Damit Bürokratieabbau im Handwerk nicht bloßes Lippenbekenntnis bleibt, zeichnen sich mehrere notwendige Maßnahmen ab: Dazu zählen Gesetzesfolgenabschätzungen, die die Auswirkungen neuer Regelungen auf kleine Betriebe konkret beziffern. Auch eine bundesländerübergreifende Harmonisierung von Vorschriften wird gefordert, um widersprüchliche Vorgaben zu vermeiden. Die Digitalisierung von Verwaltungsverfahren soll mit möglichst geringem administrativem Mehraufwand und hoher Nutzerfreundlichkeit erfolgen. Bestehende Vorschriften sollten regelmäßig auf Effizienz und Relevanz überprüft und gegebenenfalls entschlackt werden. Darüber hinaus braucht es gestaffelte Anforderungen und Ausnahmeregelungen für KMU, insbesondere im Bereich Umwelt, Nachhaltigkeit und Berichterstattung.

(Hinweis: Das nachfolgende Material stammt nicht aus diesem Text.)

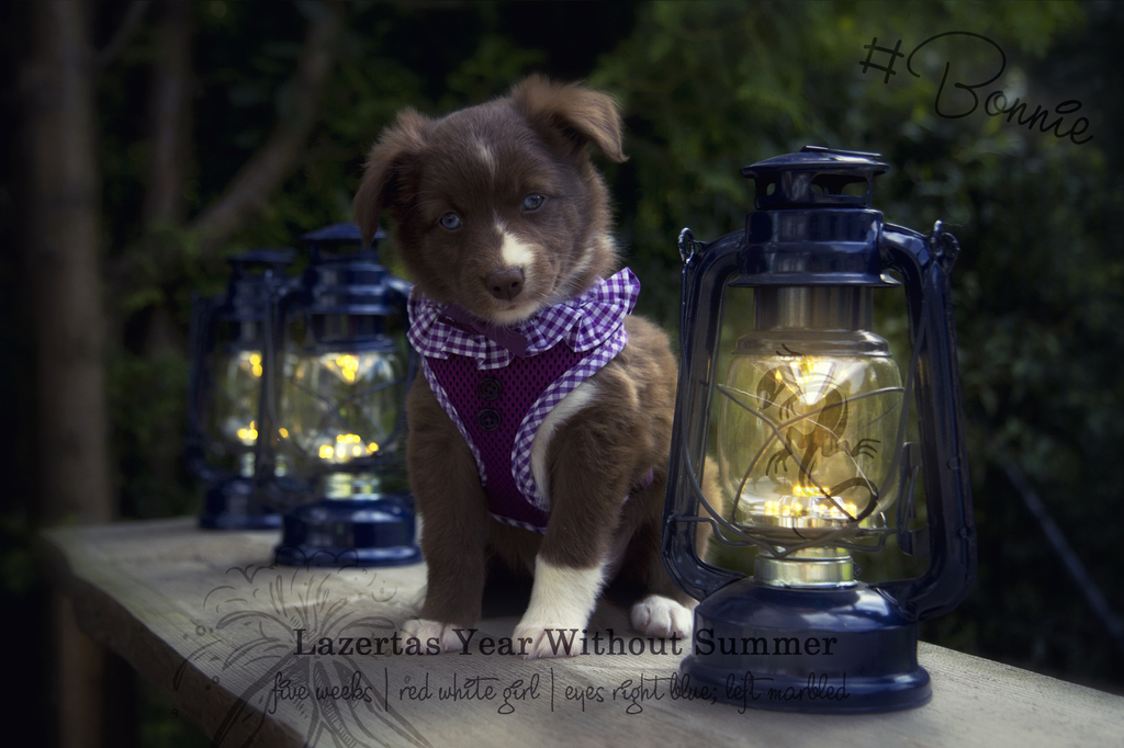 Auch in Woche 2 bin ich explosionsartig verliebt in ihre Art und sie ist so artig. Wenn das mal nicht schwer wird... und ich glaub sie mag mich. Schleck, schleck <3 Tambora ist wirklich ein liebes Hundekind. Auch mit 3 Wochen vergibt sie schleckende Liebesbekundungen, zeigt mittleres Temperament, frei und offen im Geist. Es gibt nichts zu meckern. Neue Situationen hält sie gut durch. Mit 5 Wochen ist Tambora immer noch ein wunderbarer Welpe in der glodenen Mitte. Beim auf den Arm nehmen, bricht sie gerne in Freude aus. Sie interagiert fein mit den Geschwistern und erobert bedächtig neue Umgebungen. Also Tambora hat sich zu einem crazy Girl gemausert mit einem fantastischen Ohrenspiel, was ihre zuckersüße Mimik und Gestik zeigt. Man sieht ihr ihre Befindlichkeiten an und es gilt sie wohlwollend und liebevoll in ihrem Erleben zu unterstützen. Sie muss auf jeden Fall entspannen und ruhen lernen, denn ihr Frohsinn reicht locker für 2 Welpen. Tambora heißt jetzt Bonnie und sie hatte schon die erste Klickereinheit für ihren neuen Namen - genau wie Ihre Geschwister.

Entlastung als Chance für Innovation

Für das österreichische Gewerbe und Handwerk ist Bürokratie kein abstraktes Problem, sondern tägliche Realität. Die Belastungen sind hoch – in Geld, Zeit und verlorener Produktivität. Erste Maßnahmen der Regierung bringen zwar Entlastung, doch in vielen Betrieben ist davon noch wenig spürbar. Wenn Österreich im internationalen Wettbewerb bestehen will, sind jetzt substanzielle, gezielte und dauerhafte Vereinfachungen notwendig. Ein nachhaltiger Bürokratieabbau könnte nicht nur Kosten senken, sondern auch Innovationskraft und Beschäftigung fördern.